Sunday, July 20, 2008

Oh Lord; whatever shall I do?

Alright God. I know you have a plan.
Please, please, please make these things turn to good.
The fights, the cursing, the abuse, the hate.
The lack of anything. The pressure where there need not be any.
The lack of guidance, and abundance of distrust.
The lack of confidence and assurance. A simple, sincere, "Good job, I'm proud of you." Of course we didn't have a very good beginning. None of us did. Our foundations are crumbled; no wonder any attempt to build falls in pieces. I'm embarrassed of it. Exceedingly. But it wasn't my doing. I can't help it; much. And then comes the guilt. But, honestly, I wouldn't know what to do! Is it good guilt or bad? I can't tell. "Jesus, give me words. Soften their hearts." I've said it a thousand times. Oh, but I still don't know. I want to drive away, and leave my worries behind me. But that would also mean driving away from everything I love.
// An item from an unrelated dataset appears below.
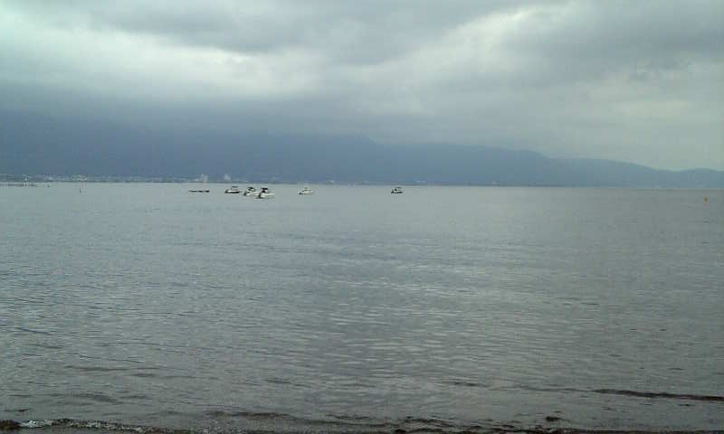 和邇到着。水温26度。お、水泳場のブイが無くなっている。秋ですなぁ〜(^^)

Which I could never do.
I think I'm beginnging to see this illusive strength that people say they see. Of course it's only a shadow of strength. I trust myself to handle things the right way. Which means using His strength, which is what people see. Oh, if I were to throw a different person into my life.. But I could never do that. It might destroy them. For I've learned how to cope. Besides the continuous supply of necessities and such, my life is basically parentless. They are my roommates, in a sense. Room mates that take care of everything. But not parents, no. She's a friend, a child. Someone for me to play with. He's a distant hand of disipline. Like that old phrase, "Don't bite the hand that feeds you." Well, he keeps feeding me, I don't know why. He doesn't even see the good part of me. What he sees in me is responsiblity. He has an obligation to take care of me, or God will smite him. Ha. an obligation.

Oh bother.
I am strong.
I need not lay this burden on others.